Health Officials Stress Importance of Influenza Vaccine as Flu Season Looms Ahead

The CDC says they have developed a test that will check for seasonal flu viruses, and the virus that causes COVID-19. 

DULUTH, Minn.- While the COVID-19 pandemic has been the most prominent public health concern since march, each winter brings a new flu season. Which is why officials are urging people to get vaccinated.

“Now is the time to get it,” stressed Diane Seiloff, Adult Services Coordinator for St. Louis County Public Health.

Generally, flu symptoms include a fever, cough, sore throat, runny or stuffy nose, body aches, headache, chills and/or fatigue. “The symptoms are very similar between COVID and influenza,” Seiloff said.

While it is hard to tell those symptoms on your own, the Centers for Disease Control and Prevention (CDC) says they have developed a test that will check for A and B type seasonal flu viruses, and the virus that causes COVID-19.

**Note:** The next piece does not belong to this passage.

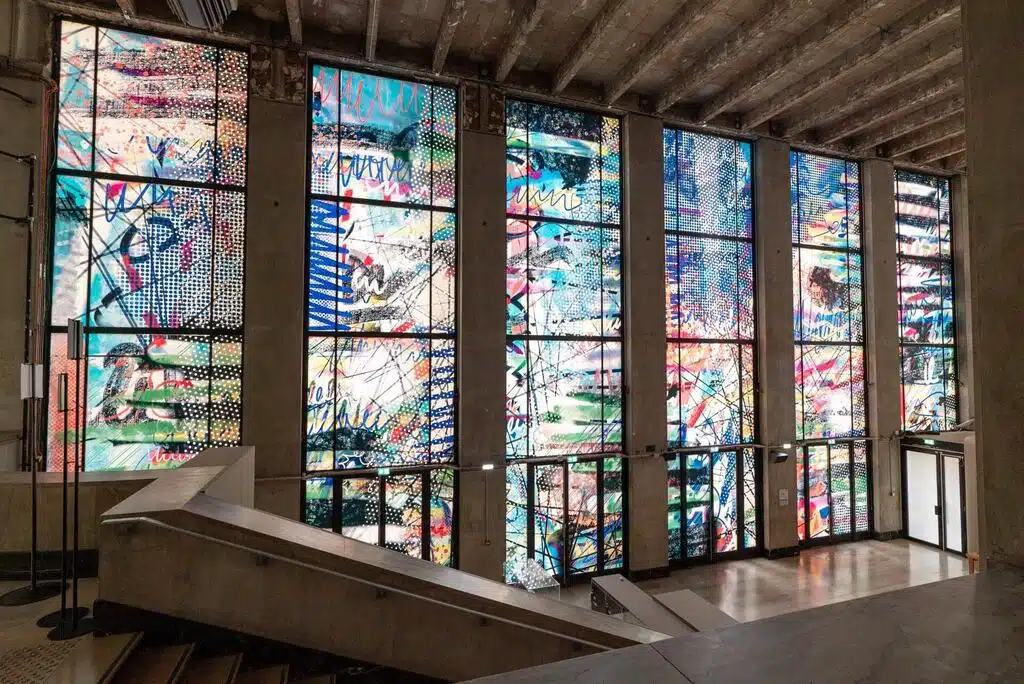 Respondendo ao convite para desdobrar sua pintura por La Zone – a área de entrada livremente acessível do Palais de Tokyo – Renée Levi redefine e expande simultaneamente este espaço, geralmente de passagem. Seu trabalho consiste em uma pintura mural analógica nas paredes internas e um vasto desenho digital que cobre as janelas do edifício, conferindo-lhes a aparência de vitral. Na fachada e nas janelas, o branco torna-se um fundo para a cor, enquanto nas paredes é reservado para sinais e assinaturas. Movendo-se entre opacidade e translucidez, sinais riscados e escritas ressaltam várias características de seu ambiente anfitrião, ao mesmo tempo em que se fundem a ele: os vários tons da pedra e do mármore, a verticalidade e transparência das janelas e a estrutura crua do edifício. Em alguns lugares, traços digitais se transformam em reflexões pictóricas, enquanto em outros, as vogais de um nome se entrelaçam em laços de prata ou fumaça, sinais tornam-se letras, acentos formam linhas de luz, a linguagem se transforma em uma abstração, e o todo constitui uma nova linguagem.

The Food and Drug Administration has issued an Emergency Use Authorization for the test and initial kits were sent out last month, only for use at CDC-supported public health labs at state and local levels.

It will not replace the current COVID-19 test in use, just meant to streamline surveillance for flu and coronavirus.

Meanwhile, a flu shot will either eliminate or lessen flu symptoms. This in turn should keep people with flu symptoms out of hospitals which may already be dealing with an influx of COVID-19 patients this winter.

“With COVID we don’t want to overwhelm the healthcare system with influenza patients,” said Seiloff.

“We want people to get immunized so that they’re not going to the hospital with serious symptoms. Studies have shown that people that have gotten the flu shot may still get the flu however their symptoms are generally less severe,” she said.

Most pharmacies and clinics have the flu shot ready to go right now, Seiloff said, and those that may not will get them by November at the latest.

She said public health does not anticipate any type of shortage of the shot this flu season.